Physical simulation of construction and control of two butted-well horizontal cavern energy storage using large molded rock salt specimens

Abstract

Underground salt caverns are used globally for large-scale energy storage. In the thinly bedded rock salt in China, two butted-well horizontal (TWH) caverns, as alternatives for energy storage, are regarded as having better suitability and economy than vertical caverns. However, understandings of the cavern shape development and control methods of TWH-caverns remain insufficient. To overcome these shortcomings with respect to TWH-caverns, we conducted physical simulations of TWH-cavern construction using a high strength steel mold and molded large rock salt specimens.
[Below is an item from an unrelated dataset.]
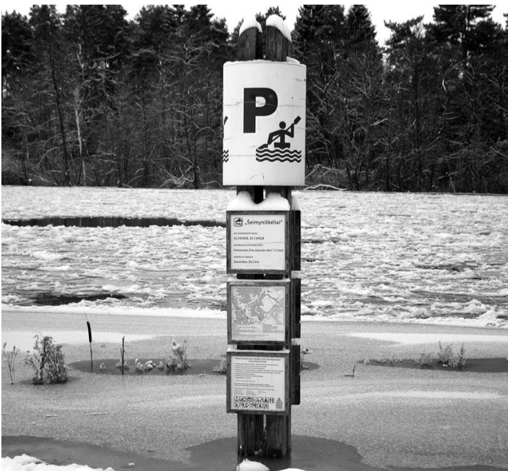
Baidarininkų stotelės „Šeimyniškėliai“ nuoroda atsidūrė po vandeniu.

We established a platform for physical simulation of TWH-cavern water-solution construction using the large molded rock salt specimens, so that the construction process is visible and easily observed. Six groups of physical simulations of TWH-cavern construction were designed and implemented. The variables which affect the cavern outline expansion were investigated and compared, including water injection rate, transferring of injection well, oil blanket, and retreating position of the water outlet. Finally the expansion rules of the cavern outline, and different effects when injecting from an inclined well vs. From a vertical well were explored, as well as an attempt of retreating water outlet. This study provides significant guidance for constructing horizontal caverns for energy storage in thinly bedded rock salt.